I live in Oregon but visit Las Vegas constantly because I grew up there. Currently, I am a tutor but hope to change that soon with an internship. Which is why I believe this project is extremely important to me.

Initially, I started college with absolutely no idea as to what degree I wished to complete. Over time, as I progressed through college I found myself enjoying computer science and physics courses the most and wish to complete my computer science major first. Later on, I hope I can get a bachelors or masters in physics, as I would enjoy working on quantum computing development.

However, my goals and plans are not set in stone, and are constantly changing so I hope this project and my future experiences can help me fully decide as to what career path I wish to follow.

Projects

I find it difficult to find the top projects I am interested in, but the ones listed below stuck out to me.

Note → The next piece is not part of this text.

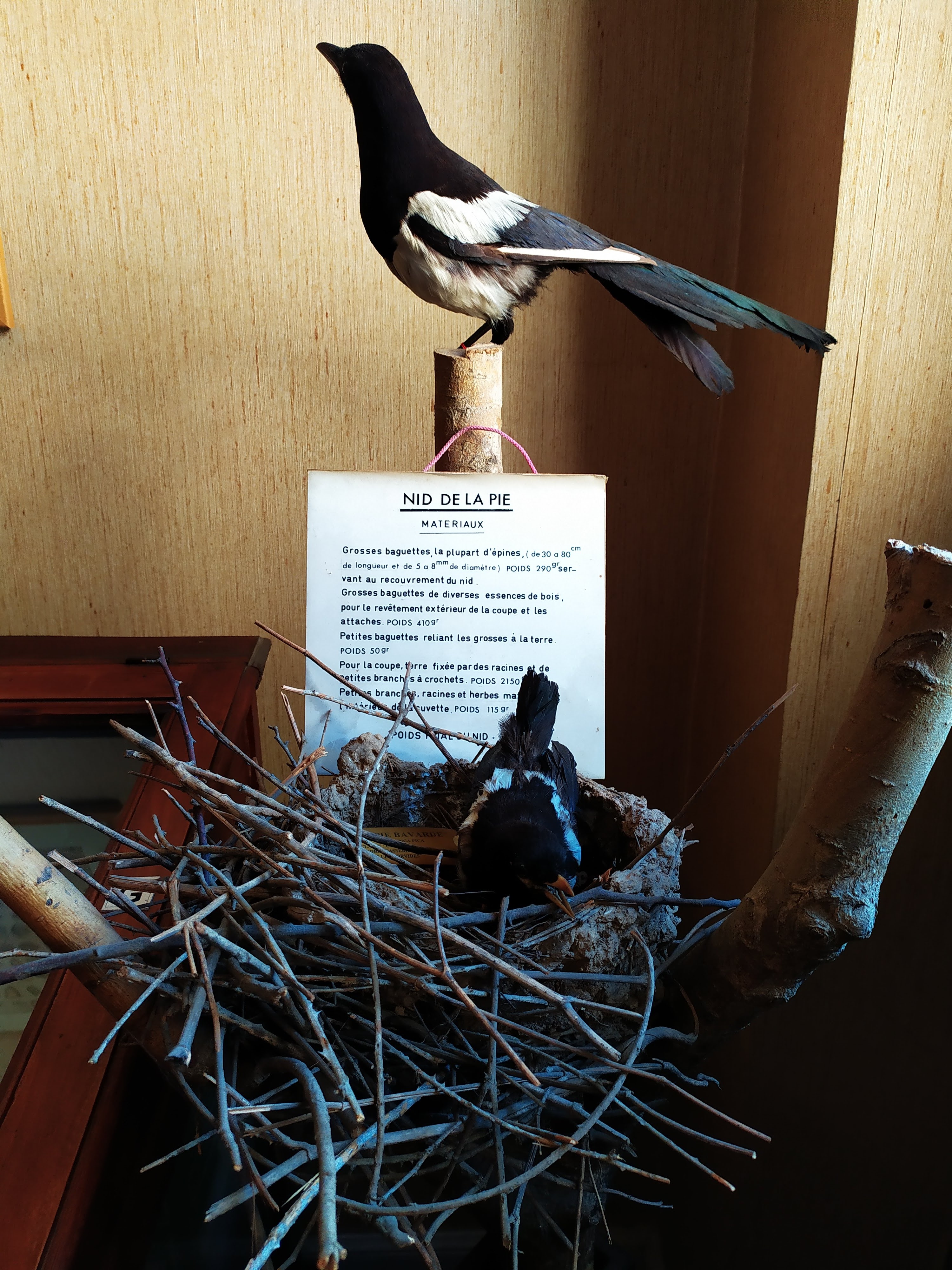 Musée à l'ancienne avec vitrines, papillons cloués et animaux empaillés. Amusant.
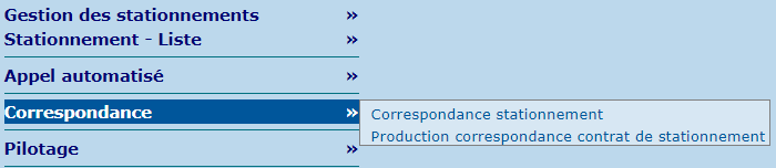 La section "Correspondance" contient une série d'écrans permettant de produire des correspondances concernant les stationnements.

Improving Healthcare Cost Transparency Using AI: This project utilizes a technology that I wish to learn about, AI. Additionally, this project idea focuses in on providing assistance to everyone through educating them on health related information.

Engineering Simulation: I enjoy physics, graphics, data analytics, cloud development, and web development which are all apart of this project.

Creating Portland’s Open Data Digital Commons: I wish to better my skills working with ‘big’ data. I believe this project closely align with many software engineering internships and jobs descriptions, so this project would be beneficial for my resume.